Смекни!
smekni.com

Красное колесо Солженицын А И Август четырнадцатого (стр. 2 из 199)

Отчуждение от семьи облегчило Исаакию и нынешнее решение, с чем уезжал он теперь, — но и тут открыться не мог, пришлось и тут солгать, что требуется ему ехать в университет на практику прежде времени, и саму эту практику придумывать и втолковывать простодушному отцу.

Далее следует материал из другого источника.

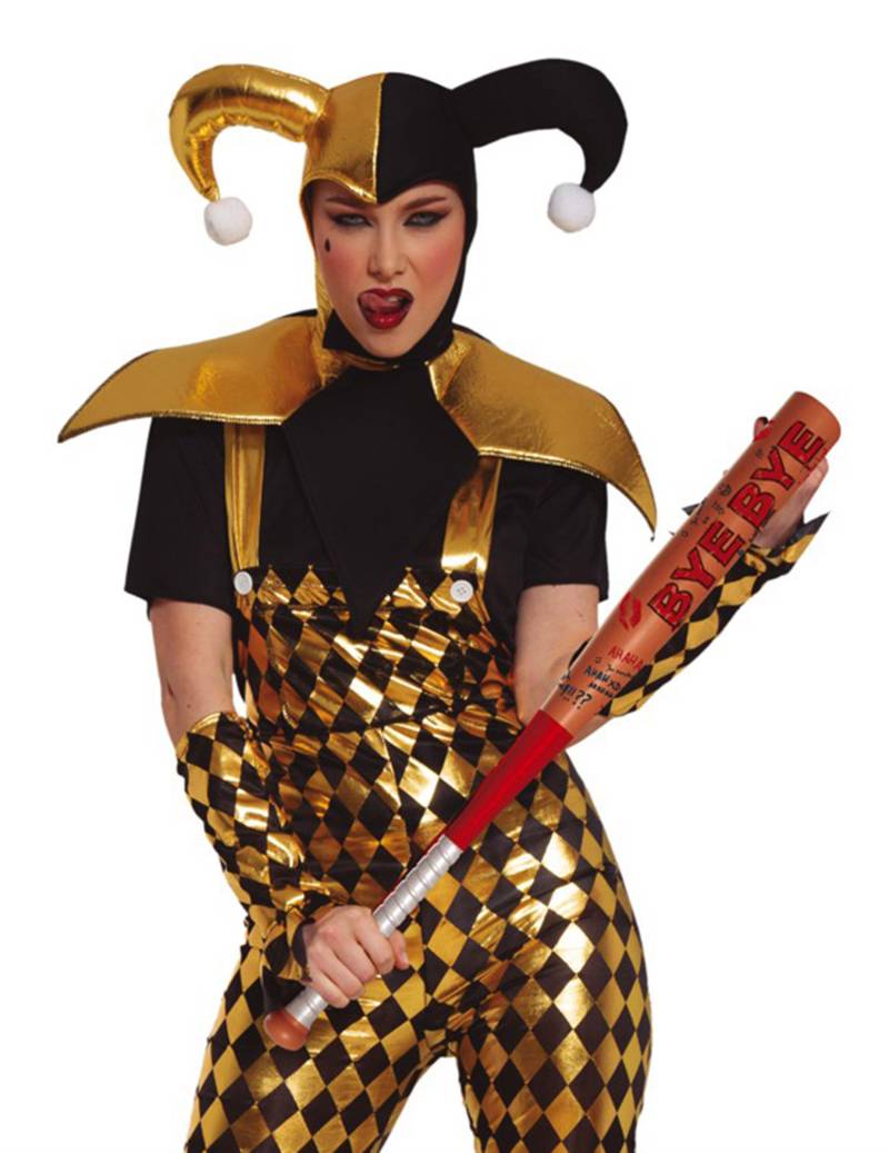 Dieser Baseballschläger einer Superschurkin ist für Erwachsene und misst ungefähr 73 cm. Bedruckt ist der Baseballschläger für Clowns mit einer beigen Farben, die an Holz erinnert und wird ergänzt von einem roten Stiel sowie einem silberfabenem Griff. Coole Beschriftungen für einen bekannten Fledermaus-Helden befinden sich überall auf dem Schläger. So liest man in roten großen Buchstaben "Bye Bye" gefolgt von einem Kussmund. Der Harlekin-Baseballschläger ist ein super colles Kostümaccessoire für alle verrückten Clown-Schurkinnen, die an Karneval oder Halloween Ihr Psychoclown-Damenkostüm vervollständigen möchten und so richtig auf die Pauke hauen wollen.

Три недели войны отозвались до сих пор в их станице лишь двумя царскими манифестами, на Германию и на Австрию, прочтёнными в церкви и вывешенными на церковной площади, да двумя отъездами запасных, да ещё отдельным отгоном коней в уезд, потому что числилась теперь станица Саблинская не казаками терскими, а кацапами. Во всём же другом как не было войны: не попадали в их станицу газеты, и письмам из Действующей армии было рано, — да ещё понятия такого не было “письма”, до сих пор “получать письма” в их станице было нескромностью, выделением, Саня старался не получать. Из семьи Лаженицыных не взяли никого: старший брат был уже в годах, уже сын его служил на действительной, у среднего брата не хватало пальцев, Исаакий — студент, а мачехины дети ещё малы.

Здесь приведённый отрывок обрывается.